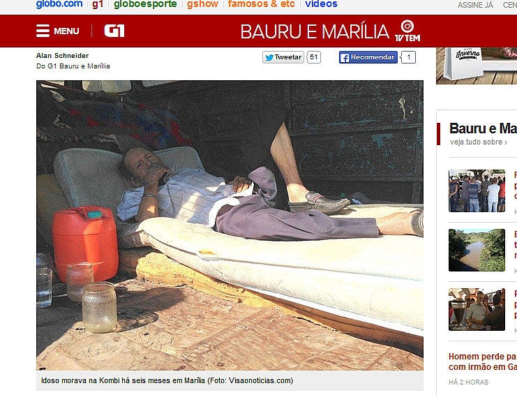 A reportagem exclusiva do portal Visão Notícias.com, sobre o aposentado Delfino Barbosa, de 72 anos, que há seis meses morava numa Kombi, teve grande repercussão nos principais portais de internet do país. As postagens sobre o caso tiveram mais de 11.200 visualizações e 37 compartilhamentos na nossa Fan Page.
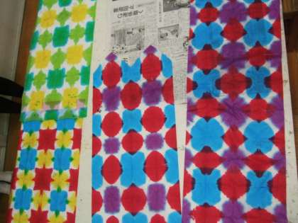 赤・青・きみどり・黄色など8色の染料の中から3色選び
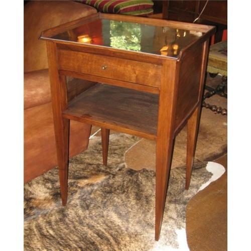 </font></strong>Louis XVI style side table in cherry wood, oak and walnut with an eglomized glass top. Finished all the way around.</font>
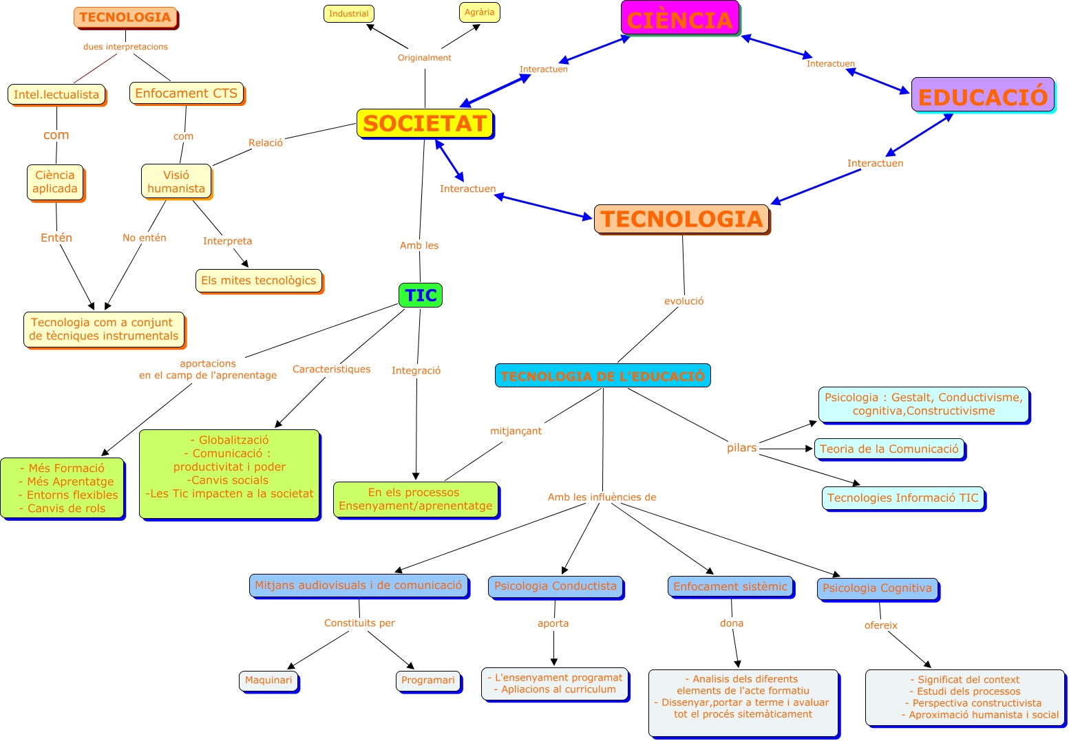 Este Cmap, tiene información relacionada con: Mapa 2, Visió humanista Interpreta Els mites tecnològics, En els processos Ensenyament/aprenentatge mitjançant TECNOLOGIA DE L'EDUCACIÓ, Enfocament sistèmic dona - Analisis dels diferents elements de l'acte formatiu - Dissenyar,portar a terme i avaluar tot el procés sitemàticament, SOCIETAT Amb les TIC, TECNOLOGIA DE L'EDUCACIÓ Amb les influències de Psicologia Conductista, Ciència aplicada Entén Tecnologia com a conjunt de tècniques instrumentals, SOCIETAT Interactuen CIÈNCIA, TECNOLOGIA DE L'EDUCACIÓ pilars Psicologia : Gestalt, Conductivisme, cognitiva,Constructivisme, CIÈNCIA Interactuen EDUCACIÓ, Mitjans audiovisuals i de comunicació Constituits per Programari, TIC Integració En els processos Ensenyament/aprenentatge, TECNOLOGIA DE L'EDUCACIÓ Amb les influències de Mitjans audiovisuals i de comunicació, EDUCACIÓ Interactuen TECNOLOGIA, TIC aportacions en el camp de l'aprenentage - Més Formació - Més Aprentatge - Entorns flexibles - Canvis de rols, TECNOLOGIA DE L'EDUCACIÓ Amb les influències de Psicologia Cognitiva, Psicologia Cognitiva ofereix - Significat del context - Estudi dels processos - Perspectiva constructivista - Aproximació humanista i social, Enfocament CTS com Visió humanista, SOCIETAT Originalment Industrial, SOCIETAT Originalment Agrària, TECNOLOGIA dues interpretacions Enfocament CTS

* Task goal *
Write out exactly the lines above, from the very first through the line containing "</font></strong>Louis XVI style", both kept, with the pictures removed.

* Answer to the exercise *
 A reportagem exclusiva do portal Visão Notícias.com, sobre o aposentado Delfino Barbosa, de 72 anos, que há seis meses morava numa Kombi, teve grande repercussão nos principais portais de internet do país. As postagens sobre o caso tiveram mais de 11.200 visualizações e 37 compartilhamentos na nossa Fan Page.
 赤・青・きみどり・黄色など8色の染料の中から3色選び
 </font></strong>Louis XVI style side table in cherry wood, oak and walnut with an eglomized glass top. Finished all the way around.</font>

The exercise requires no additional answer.